DMAR released their May report last week to much “fanfare” because home inventory levels increased by 76% from May 2021 as there were 3,652 properties for sale as of May 31st in our 11-county area. Still, there are only 0.67 months of inventory for sale.However, before Covid, there were 8,891 properties for sale in May 2019 and 6,437 properties for sale in May 2018 using DMAR stats. Thus, the number of properties for sale is still down a whopping 59% from 3 years ago and down 43% from 2018. This means inventory needs to double before appreciation drops below 10%. Before Covid, numbers like this would have us shaking our heads in disbelief at how HOT our Real Estate market is. But, the last 2 years have warped our mindset and our stats and numbers.
Important Stats to Consider:
After consecutive months of appreciation, negotiations, and bidding wars, modest numbers this month became a sign that the market has returned to a semblance of ‘normal.’ The housing market ended May with 3,652 properties on the market, representing an increase of 448 properties from the previous month, which is seasonally on-trend. Closed sales increased 3.75 percent from the previous month, keeping supply and demand relatively balanced.
The attached and detached markets had a similar balance of supply and demand in May. Both markets had the highest number of standing inventory in the $500,000 to $749,999 price points. The biggest difference was the proportion of inventory. For attached properties, that price range made up 29.87 percent of the market and for detached properties, it made up 41.72 percent of the market. There are over four times more single-family detached properties between $500,000 and $749,999 than attached properties.

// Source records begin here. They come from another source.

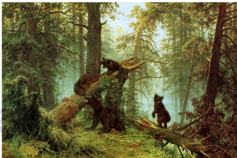
Shishkin “Qarag'ay o'rmonidagi tong”

“Issiqko'l oqshomi” kartinalarida shu holni kuzatish mumkin. Tasviriy san'at asarlarida, jumladan, manzara janrida yaratilgan asarlarda rassomning borliqdan olgan taassurotlari, voqealikka g'oyaviy, hissiy munosabati ham aks etadi.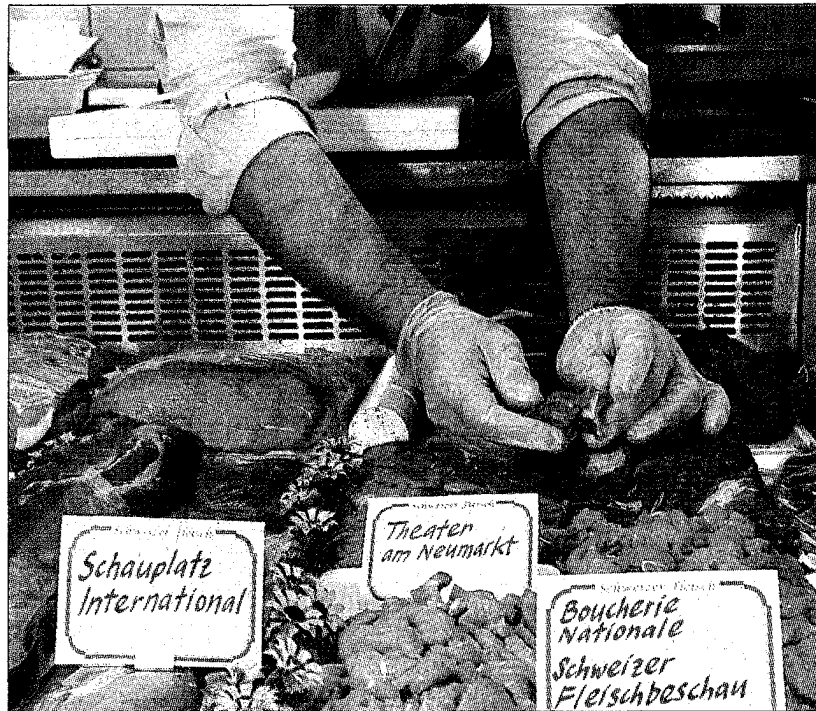
Fleischbeschau zur Qualitätskontrolle: Wer verdient das Label?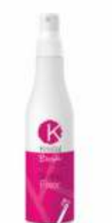
СПРЕЙ ДЛЯ ВОЛОС ЛЕГКОЙ ФИКСАЦИИ БЕЗ ГАЗА Арт. BSFX - 250 мл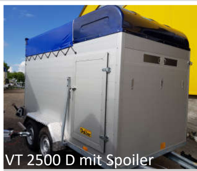
VT 2500 D mit Spoiler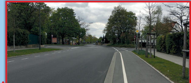
2 Keesburgstr., Trautenauerstr., Sanderrothstraße, Sanderheinrichsleitenweg

Throughout the entire market, year-to-date, the market has seen 7.18 percent fewer homes closed than the previous year. Even with fewer purchases, the market has transacted over $1 billion more in sales volume than the previous year, indicating how high prices have soared from the previous year. This is also indicated in the close-price-to-list-price ratio of105.33 percent, down from the previous month.

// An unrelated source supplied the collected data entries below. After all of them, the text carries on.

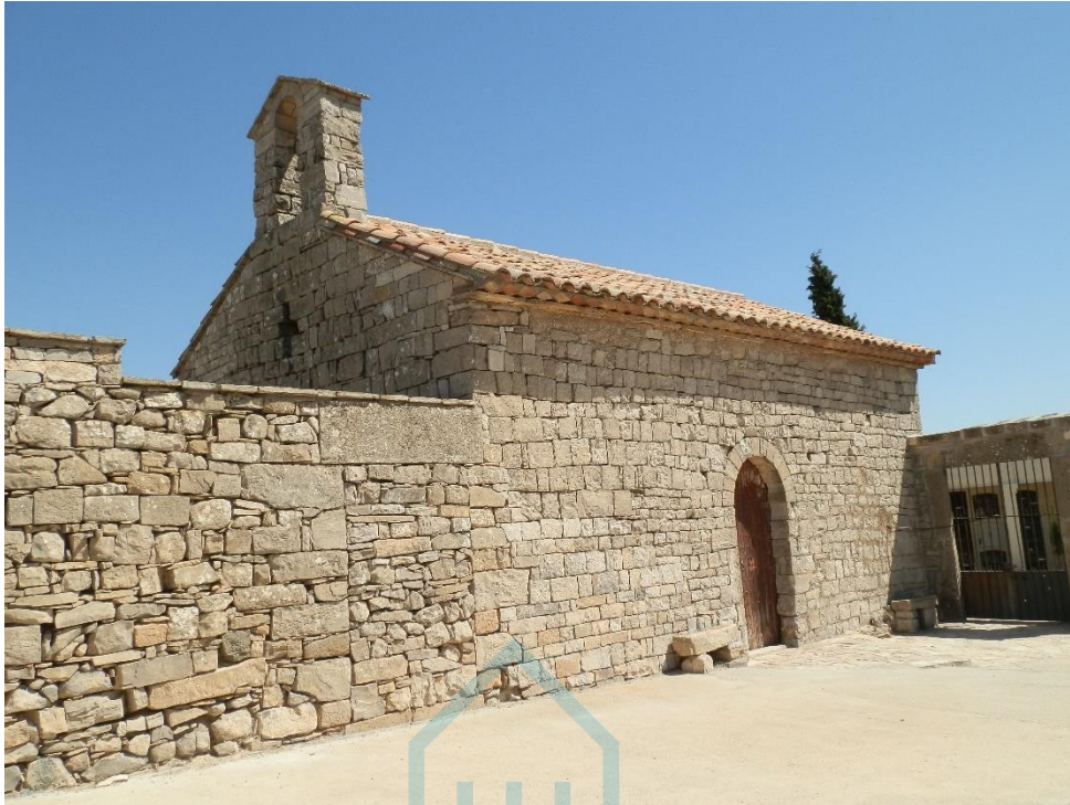
Fachada oeste y muro sur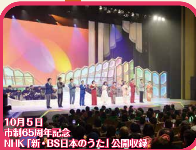
10月5日 市制65周年記念 NHK「新・BS日本のうた」公開収録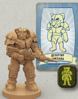
5 ПЛАСТИКОВЫХ ФИГУРОК 6 КАРТ ПЕРСОНАЖЕЙ 5 S.P.E.C.I.A.L.-ЖЕТОНОВ ПЕРСОНАЖЕЙ

Our monthly report also includes statistics and analyses in its supplemental “Luxury Market Report” (properties sold for $1 million or greater), “Signature Market Report” (properties sold between $750,000 and $999,999), “Premier Market Report” (properties sold between $500,000 and $749,999), and “Classic Market” (properties sold between $300,000 and $499,999).
In the Luxury Market, buyers saw their options increase in May. Like the other price segments, inventory went up 5.86 percent from April and a significant 65.95 percent higher than the same month last year. Pending sales were also up, along with closed sales and sales volume as well. More choices turned into more pending sales, up 22.20 percent month-over-month and up 27.37 percent year-to-date.

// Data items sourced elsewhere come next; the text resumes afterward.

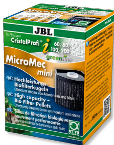
JBL MicroMec CristalProfi i60/80/100/200 Billes de filtration performantes pour CristalProfi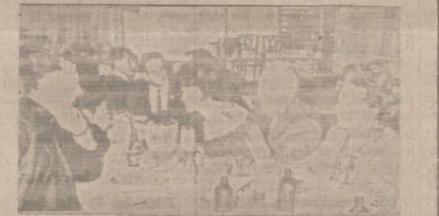
LIETUVIS SUSITINKA SU LIETUVIU

Be to, kas jį įgaliojo su atvykusiais komunistais tartis Lietuvos nepriklausomybės gairių nustatymo reikalais?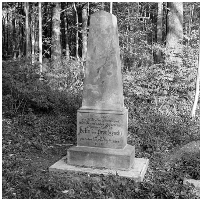
Česká Skalice - Dubno, pomník pruského poručíka Prondzinského, e.č. 2, v průběhu opravy, červenec 2003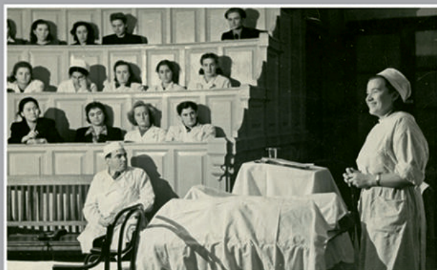
Лекция для студентов.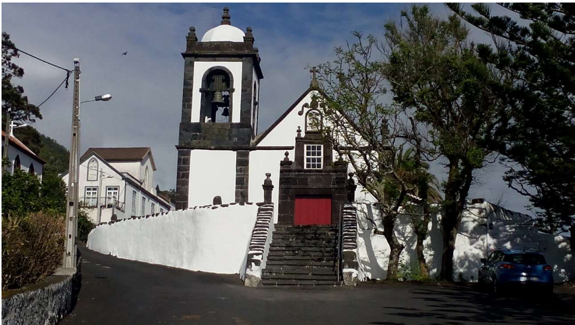
Igreja de Santa Bárbara das Manadas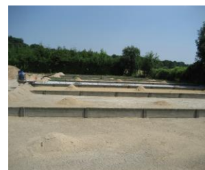
Lits de séchage vides de boues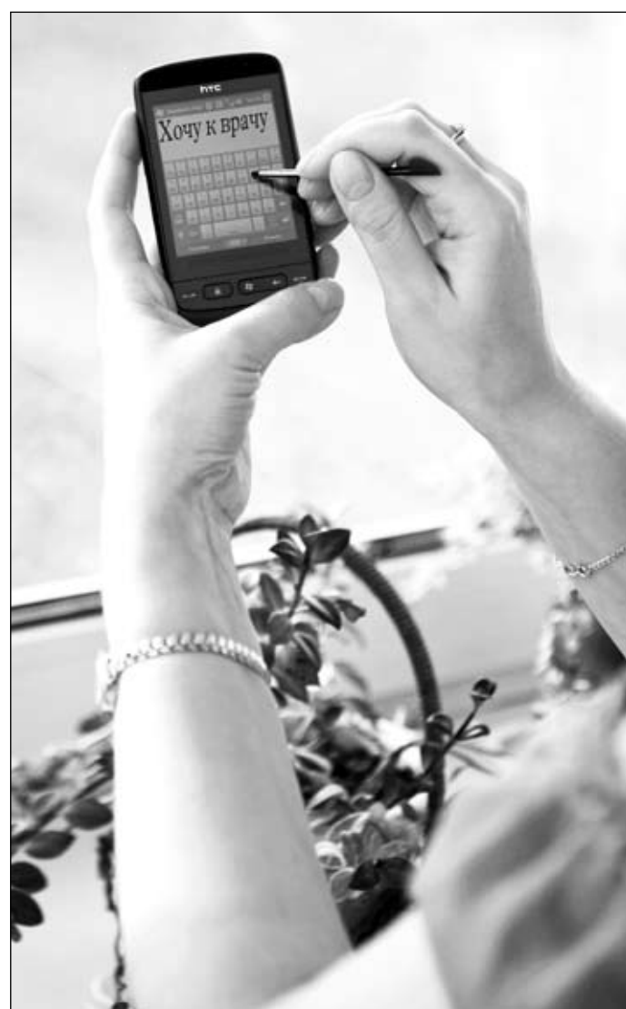
Уже в скором времени кузбассовцы смогут записаться на прием к врачу с любого компьютера и даже... с мобильного телефона.

Три кита Модернизация пойдет по пути улучшения материально-технической базы здравоохранения, внедрения в лечебный процесс современных информационных технологий, а также внедрения федеральных стандартов оказания медицинской помощи. База. Сегодня 17% больничных зданий Кузбасса находится в аварийном состоянии (по России ситуация еще хуже: 30%). В течение ближайших двух лет планируется завершить строительство

Detached homes sold for an average of 107.12 percent of the list price, down slightly from April’s 108.39 percent but up 2.81 percent from the same month last year. Meanwhile, the attached condo and townhome Luxury Market is currently the softest of all price ranges and home types, selling at 104.94 percent of the list price.
The attached Luxury Market has the largest months of inventory of all price ranges at 1.73, still a seller’s market but not as strong as other areas. Overall, luxury closings were up month-over-month and up even more year-to-date with detached closings up 36.10 percent and attached homes up 10.92 percent.